Today I find that I am having a day when I don't want to be around negative people more than ever. It can be challenging when you come from your soul and are true to yourself and have found your peace and all you want to do is come from love, and others aren't. Thats how it goes as everyone is different and where they are in life and dealing with what they need to. But hey, this is about me though and how I feel.
When I am around other people that come from a negative ego aspect, it doesn't sit well with my soul and it feels real uncomfortable. So much so that I am finding that I am unable to be around certain people as it brings up all kinds of negative stuff that they are carrying which I pick up on. Sometimes I just want to be a hermit and do my spiritual writing and converse with people that are real and honest and speak their truth as I see and feel beyond the front others put on to cope with their life. No offence to them as I said but I cannot push aside how i feel anymore.

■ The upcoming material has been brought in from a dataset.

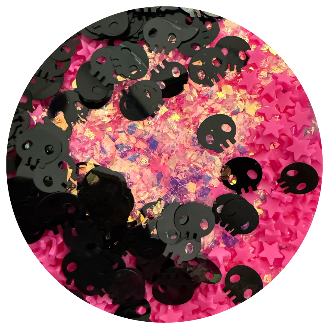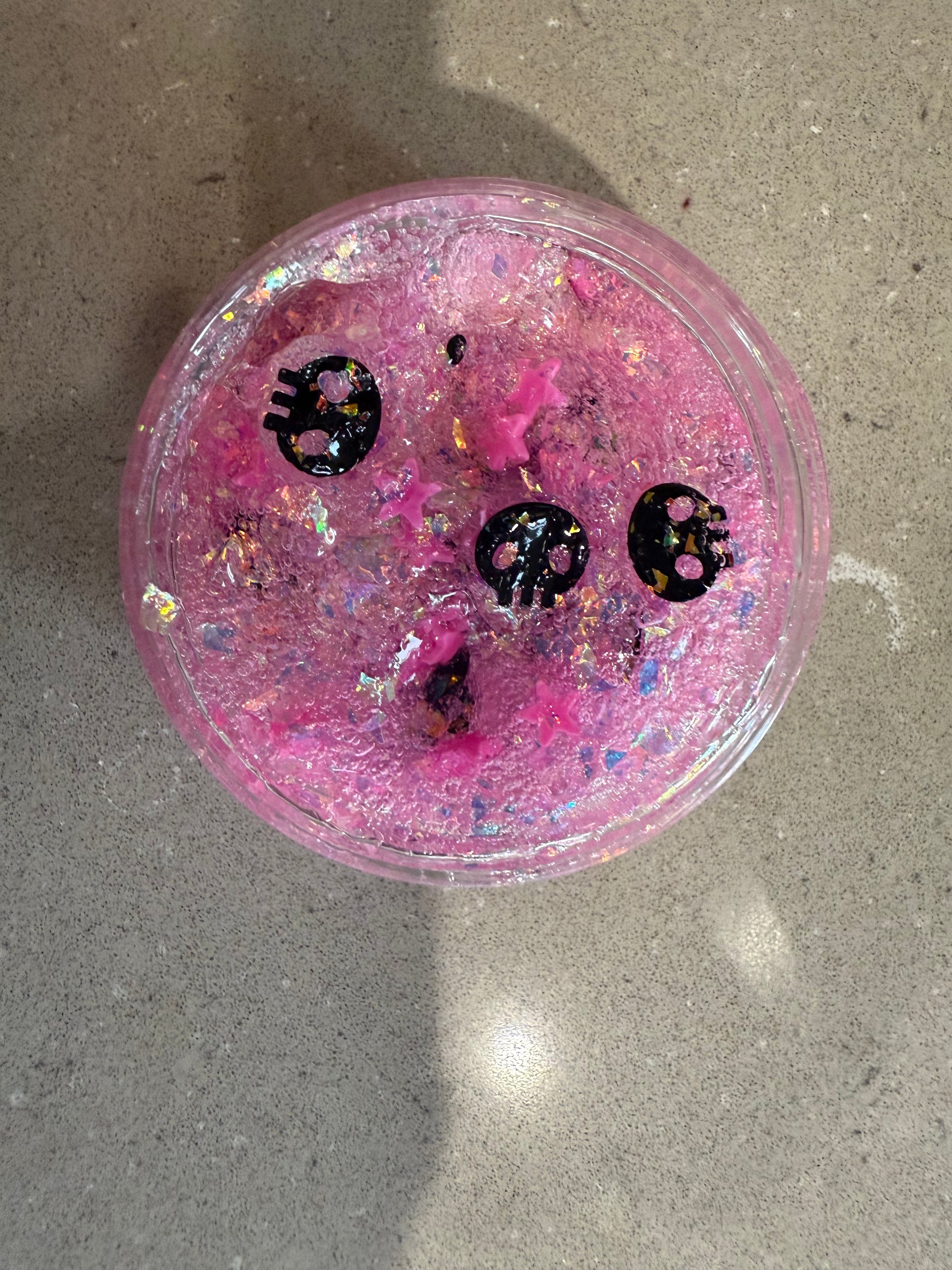 Sweet, spooky, and full of attitude. A pink opal base swirls with large black skulls and pink star clays in a firm hold gel—equal parts pretty and punk. Perfect for little ghouls with big glitter goals. 💀✨

I join in family things that are needed and I'm okay with this as I know I can go when it is finished. But there are some family that I no longer connect to anymore and I have come to a point where I can't play games anymore either. To me they are human beings that my soul chose before I came into this world, to have as family members to learn and grow from.
As before we came into this life, we were a soul that chose what we were to endure in life for us to learn our lessons and grow from. This opportunity has been given to all of us, not everyone consciously knows this, thats all.